*ACTIVITY*. Please restate each line of the data below exactly. Omit all images.

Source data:
● ● ● ●

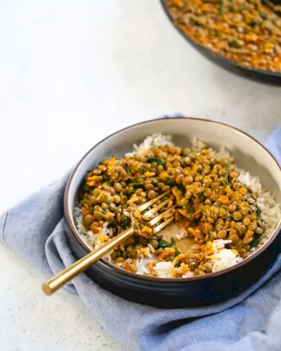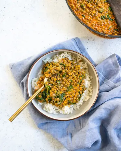 Alex und ich haben an unserem Repertoire gearbeitet schnelle und einfache Abendessenideen jahrelang. Es ist eine ständige Herausforderung, die Snacks zu finden, die schnell, gesund und lecker zugleich sind! Dieses Kokos-Linsen-Curry entstand aus einer Idee, die ich eines Abends hatte, als ich versuchte herauszufinden, was ich mit etwas Grünkohl aus dem Garten machen sollte. Ich fügte nach Belieben ein paar Linsen und eine Dose Kokosmilch hinzu, die wir zur Hand hatten, gab etwas Currypaste hinzu und voilà! Es stellte sich heraus Also lecker, dass wir beschlossen haben, es hier zu teilen. Lesen Sie weiter für dieses Kokos-Linsen-Curry-Rezept.
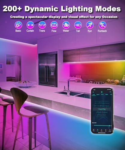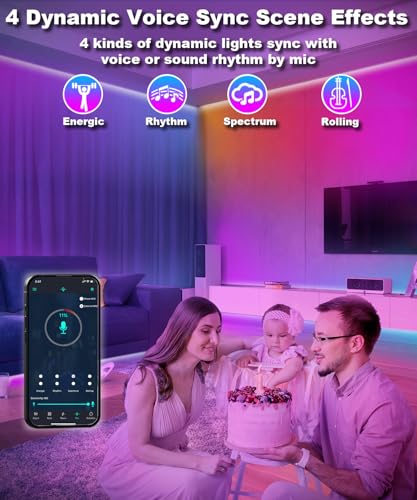 Dynamic Mic Modes:With built-in mic,the led strip lights will change colors and dance to the rhythm of music or surrounding sounds,bring you a More cheerful and dynamic lighting experience.If you end up watching movie, dancing, having party, or playing games, just select Mic mode.There could also be style mode which 200+ flickering light ambience brings you a more calm and pleasant mood, a good selection for your room decor, right?
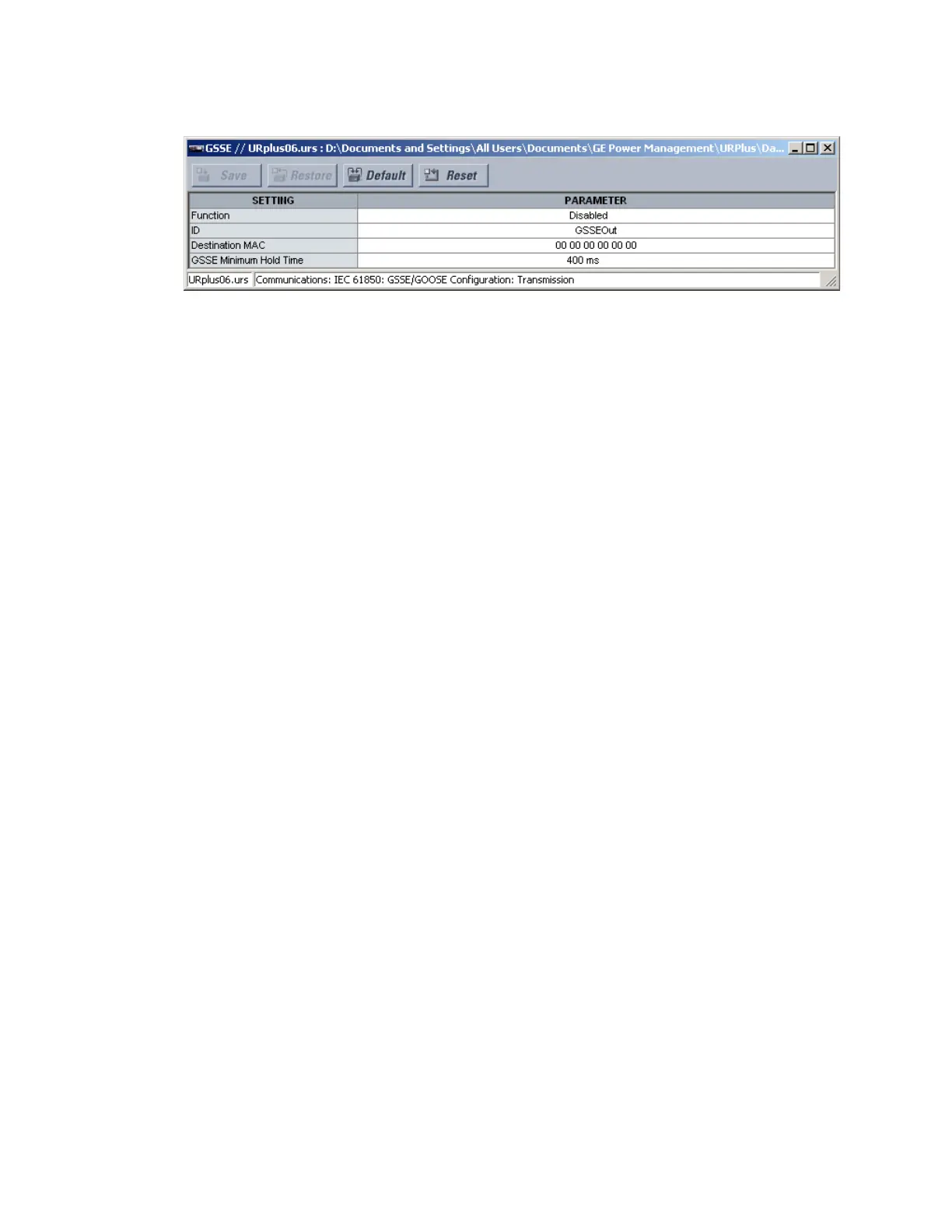 Select the Settings > Communications > IEC 61850 > GSSE/GOOSE Configuration >
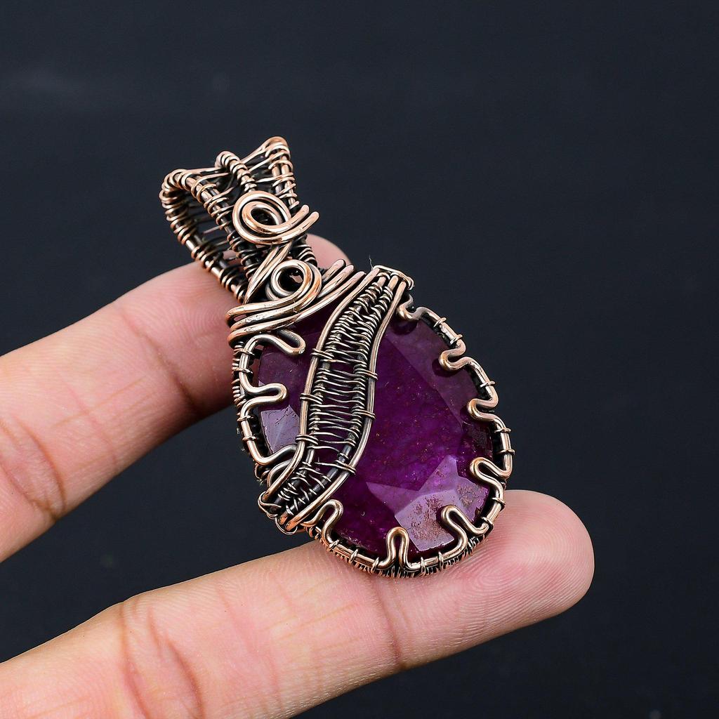 Pingente feito à mão com fio de cobre puro e pedra preciosa rubi criada em laboratório
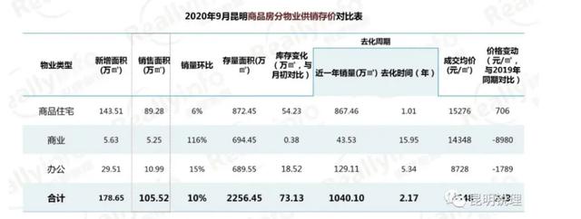 截至本年9月30日,昆明商品房庫存到達2256萬平米,往化周期是2.17年。
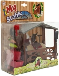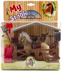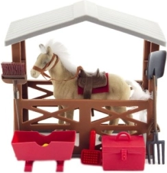 - Cheval avec selle et licol, écurie, seau, balai, fourche, pelle, mallette avec fournitures
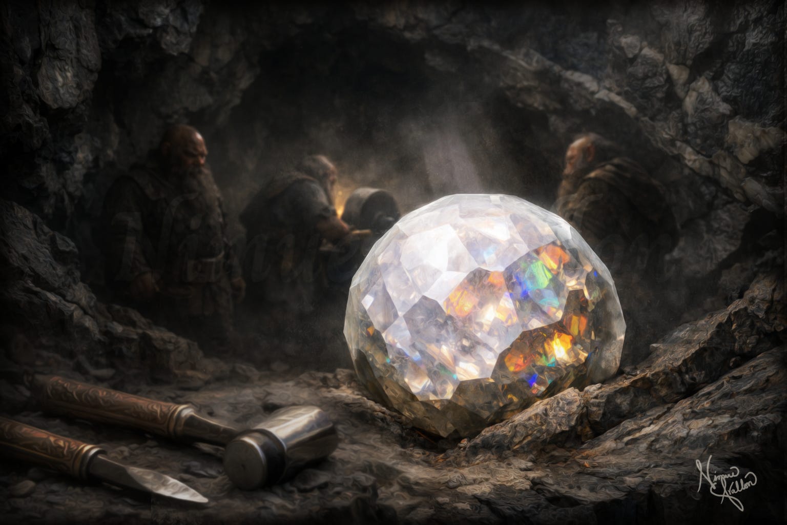 The lore supports this reading. The Dwarves worked stone through song and understood how mountains rang under the hammer. This wasn’t poetry, it was technique. They knew which tones steadied the stone and which would shatter it. Combined with methods to stabilize water content in the opal layers, controlled annealing to heal micro-fractures, and the luxury of time measured in years rather than billing hours, such craft could achieve what modern economics discourages: a softball-sized, densely faceted sphere of hybrid silica that survived millennia without crazing or fracture.

● ● ● ●

*COMPLETED EXERCISE*.
 Alex und ich haben an unserem Repertoire gearbeitet schnelle und einfache Abendessenideen jahrelang. Es ist eine ständige Herausforderung, die Snacks zu finden, die schnell, gesund und lecker zugleich sind! Dieses Kokos-Linsen-Curry entstand aus einer Idee, die ich eines Abends hatte, als ich versuchte herauszufinden, was ich mit etwas Grünkohl aus dem Garten machen sollte. Ich fügte nach Belieben ein paar Linsen und eine Dose Kokosmilch hinzu, die wir zur Hand hatten, gab etwas Currypaste hinzu und voilà! Es stellte sich heraus Also lecker, dass wir beschlossen haben, es hier zu teilen. Lesen Sie weiter für dieses Kokos-Linsen-Curry-Rezept.
 Dynamic Mic Modes:With built-in mic,the led strip lights will change colors and dance to the rhythm of music or surrounding sounds,bring you a More cheerful and dynamic lighting experience.If you end up watching movie, dancing, having party, or playing games, just select Mic mode.There could also be style mode which 200+ flickering light ambience brings you a more calm and pleasant mood, a good selection for your room decor, right?
 Select the Settings > Communications > IEC 61850 > GSSE/GOOSE Configuration >
 Pingente feito à mão com fio de cobre puro e pedra preciosa rubi criada em laboratório
 截至本年9月30日,昆明商品房庫存到達2256萬平米,往化周期是2.17年。
 - Cheval avec selle et licol, écurie, seau, balai, fourche, pelle, mallette avec fournitures
 The lore supports this reading. The Dwarves worked stone through song and understood how mountains rang under the hammer. This wasn’t poetry, it was technique. They knew which tones steadied the stone and which would shatter it. Combined with methods to stabilize water content in the opal layers, controlled annealing to heal micro-fractures, and the luxury of time measured in years rather than billing hours, such craft could achieve what modern economics discourages: a softball-sized, densely faceted sphere of hybrid silica that survived millennia without crazing or fracture.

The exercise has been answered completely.